◆ Task prompt ◆
Write the listing out again exactly as it stands, with no images.

#### Given information ####

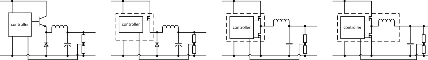 多年以來(lái),人們盡可能地將更多的器件件集成到控制電路來(lái)降低成本和縮小尺寸。其中一個(gè)突破發(fā)展是將主開關(guān) S1 直接集成到控制器 IC 中,但線圈和二極管仍必須安裝在外面。后來(lái)為了進(jìn)一步提高效率,在新版中SW1 和 SW2開關(guān)都配備了 MOSFET,開關(guān)頻率因此可高至 2MHz。
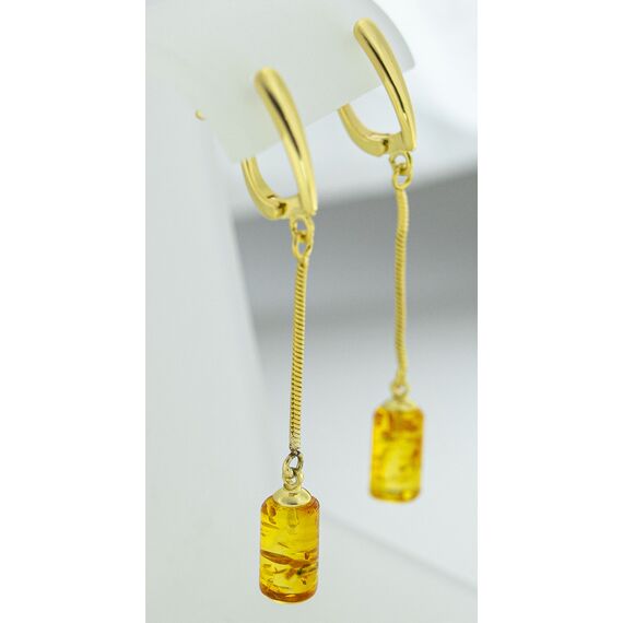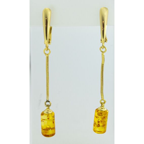 Серьги из гипоаллергенной бронзы с позолотой. Вставка- нат.янтарь желтого цвета на цепочке. Высота серег-6,0см, ширина-0,6см. Застежка- английская (швенза-1,0см).
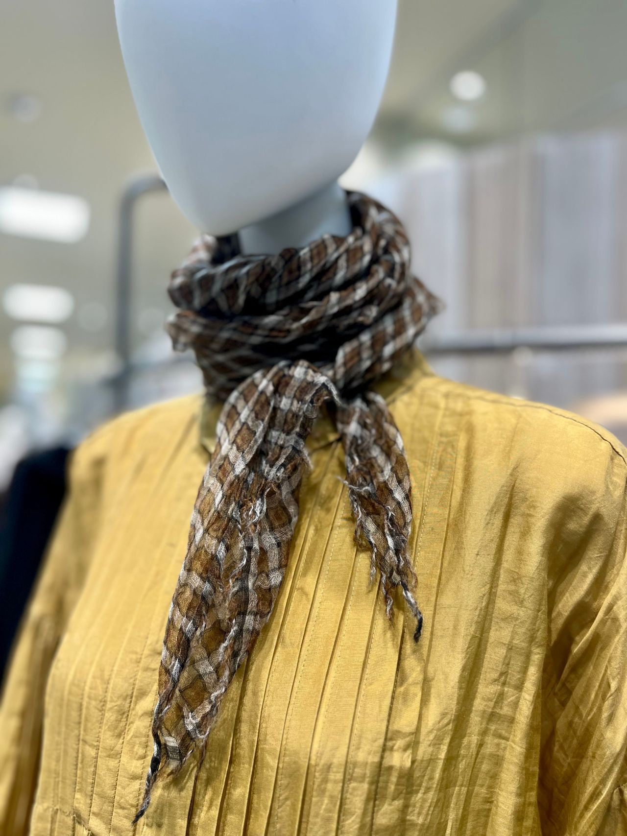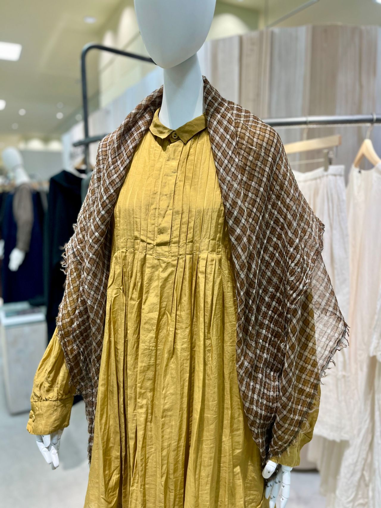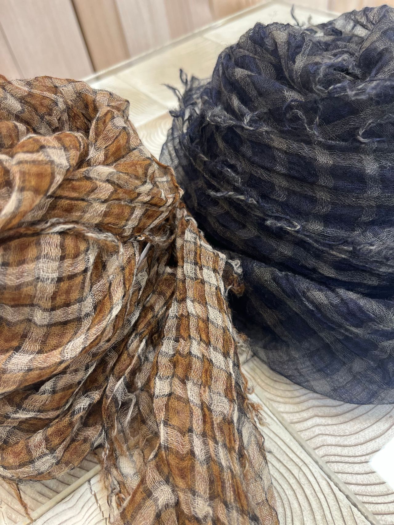 広げるとこのような大きさですが、カシミヤの薄く柔らかなこちらのストールはフワッと肩にかけても良いですし、クシュクシュとコンパクトにもなります。
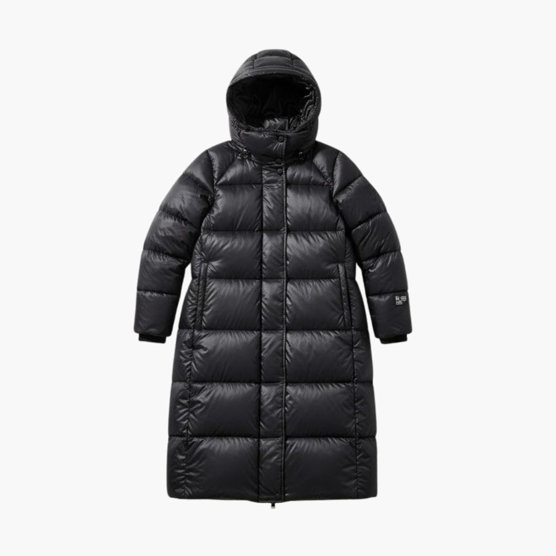 This women’s down coat includes a fixed hood and full-length zipper closure extending to the neckline. The outer surface displays a quilted pattern with evenly stitched sections. The sleeves extend to the wrists and have an inner insulated layer. The inner lining is designed to retain warmth. The hem is long and straight, reaching below the waist for extended coverage.

####

◆ Output below ◆
 多年以來(lái),人們盡可能地將更多的器件件集成到控制電路來(lái)降低成本和縮小尺寸。其中一個(gè)突破發(fā)展是將主開關(guān) S1 直接集成到控制器 IC 中,但線圈和二極管仍必須安裝在外面。后來(lái)為了進(jìn)一步提高效率,在新版中SW1 和 SW2開關(guān)都配備了 MOSFET,開關(guān)頻率因此可高至 2MHz。
 Серьги из гипоаллергенной бронзы с позолотой. Вставка- нат.янтарь желтого цвета на цепочке. Высота серег-6,0см, ширина-0,6см. Застежка- английская (швенза-1,0см).
 広げるとこのような大きさですが、カシミヤの薄く柔らかなこちらのストールはフワッと肩にかけても良いですし、クシュクシュとコンパクトにもなります。
 This women’s down coat includes a fixed hood and full-length zipper closure extending to the neckline. The outer surface displays a quilted pattern with evenly stitched sections. The sleeves extend to the wrists and have an inner insulated layer. The inner lining is designed to retain warmth. The hem is long and straight, reaching below the waist for extended coverage.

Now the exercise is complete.